А у принца Догешти оказались свои интересы — его завлекли в клуб таких же, как и он, книжных персонажей, у которых не было живых прототипов, они явились детищем абсолютного вымысла и самой разнузданной спонтанной фантазии. Это был очень большой по численности клуб, с удивлением увидел Догешти в нем весь пантеон античных гомеровских богов и героев, от Афродиты до Язона, также и Данта с Вергилием, Дафниса и Хлою, Гаргантюа и Пантагрюэля, дона Кишота и Санчо Пансу, Петра и Февронию, Ромео и Джульетту, Тристана и Изольду, Руслана и Людмилу, Тахира и Зухру, Шамана и Венеру, Попрыгунью и Стрекозу, Иозефа К., С. Гулливера, К. Робинзона, Синдбада М., Шехерезаду, Лизу, Линду, Татьяну, Анжелику, Кармен, Юлу, Геллу, Скарлетт…ия — и так далее.
О, список имен никогда не рождавшихся на земле, но широко известных среди людей мужчин и женщин мог быть продолжен бесконечно — столь много выстроилось вокруг принца Догешти убедительных фигур, что он наконец-то воспрянул духом и расстался с чувством некой неуверенности в себе, вызванной грустным фактом своего изначального небытия. Осознавая, что его материальность составлена всего из нескольких сотен слов русского языка, использованных в романе для создания его образа, деликатный принц сомневался в подлинности своей онтологической аккредитации в мире людей, в котором детерминизм их собственного феномена, самовольно объективированный, так сказать, их же собственным интеллектом, иронически-релятивно парафразировал к известному оксюмороническому пассажу: вечная жизнь. Как так — «вечная»? — дивился робкий принц, если «жизнь» — то как она может быть вечной? — сомневался он, ведь жизнь — это и есть что-то невечное. Мне не нужна такая вечная жизнь, это ужас какой-то, рассуждал принц Догешти, ведь я как Слово был при Боге, а потом сам не знаю как выпал в жизнь. Но я хочу вернуться обратно! Для меня состояние словесного добытия гораздо дороже, чем мое нынешнее небытие в мире существующих ненастоящих человеков.
Так дискутировал принц Догешти, окруженный доброжелательными к новому гостю особенными человеческими существами, выстроенными, точно так же, как он, из духовного состава слов и населяющими Божий мир в том виде, в каком пребывали теперь в нем и сам принц со товарищи по экспедиции. Собравшись в одном месте, в потаенном зачарованном доме подводной Тихоокеанской Онлирии, это многочисленное сообщество людей представляло, пожалуй, все человечество за много последних веков его существования — от Адама вплоть до Нового Времени. Но придуманное писателями словесно- человеческое общество различалось от непридуманно-подлинного по многим существенным признакам. Главное — здесь никто никого не убивал, чтобы жить самому, да что там убивать — здесь ничего не надо было делать, чтобы жить, но все запросто существовали в мире, однажды спонтанно возникнув в нем. И поэтому эти люди, не сговариваясь и не определяя своего статуса, владели подлинными свободой, равенством и демократией, и какой-нибудь голый дикарь, лишь вчера слегка цивилизованный и названный Пятницей, никак не считался крупнее или мельче, хуже или беднее, значительней или низкосортней Великого Гэтсби и Великого Инквизитора…

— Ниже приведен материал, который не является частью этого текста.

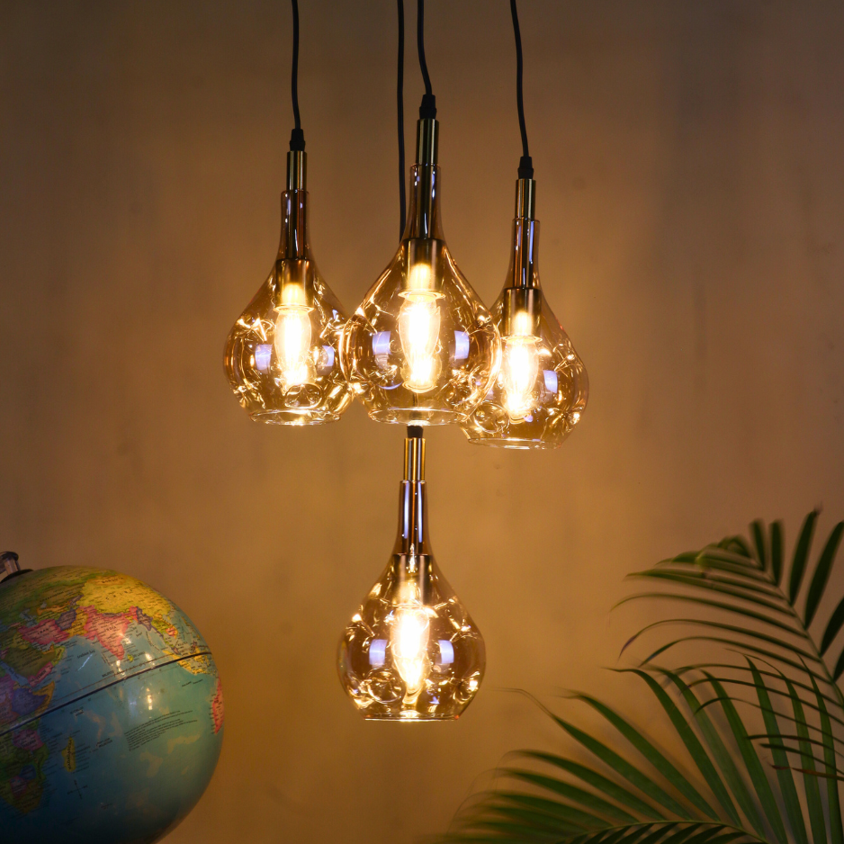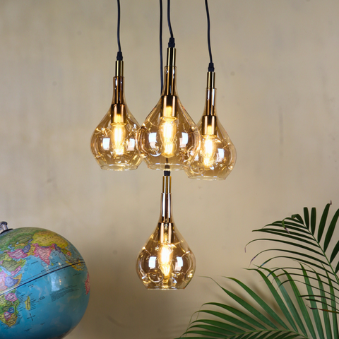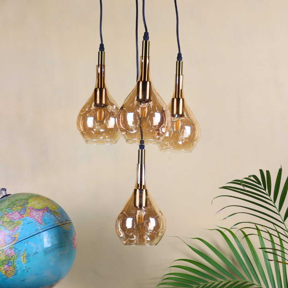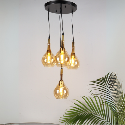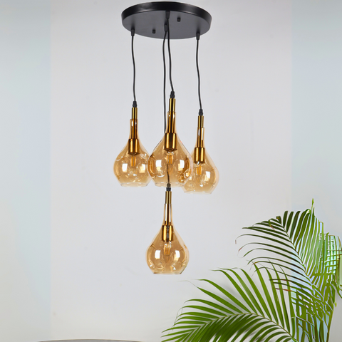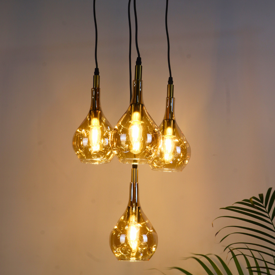 The CLARION Chandelier is a stunning display of modern artistry and radiant elegance. Designed with five golden teardrop-shaped glass pendants, this cluster chandelier creates a warm, luminous glow that instantly elevates any space.
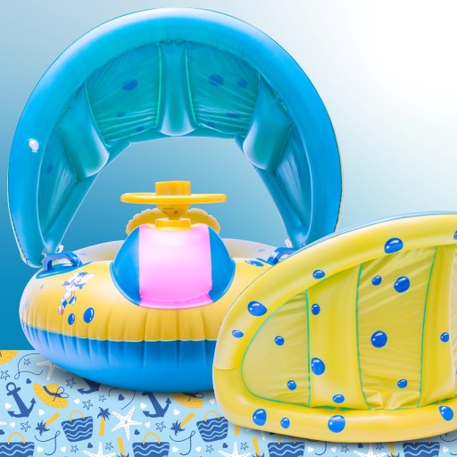 Czy Twoje dziecko kocha wodę? Jeżeli tak to mamy dla Ciebie idealne rozwiązanie na ciepłe, letnie dni – Koło do pływania Materac dmuchany Pontonik dla dzieci z daszkiem i kierownicą!

Ну да, находились и здесь господа, которые готовы были ткнуть тростью в грудь пролетарию и молвить брезгливо: «Отойди, братец, от тебя пачулями пахнет», — но все дело в том, что видимая пижонская трость сноба не могла уткнуться в утлую пролетарскую грудь, тоже хорошо видимую благодаря стараниям писателя, ибо все в том мире, куда он вхож благодаря допуску к работе со Словом, может представать друг перед другом, видеть друг друга, любить, восхищаться красотой, плакать от восторга, вожделенно пожирать очами — но никто ни до кого не может дотронуться рукой, коснуться губами, коленями, достать мечом, шпагой или подпрыгнувшей детородной балдышкой… Обо всех этих преимуществах и особенностях своего бытия вовсю распинались перед неофитом, принцем Догешти, самые прославленные и, может быть, и на самом деле безсмертные герои известнейших книг человечества, в своем самоупоении напрочь сметая выполосканный в деликатной водице сомнений экзистенциалистский скепсис принца Догешти.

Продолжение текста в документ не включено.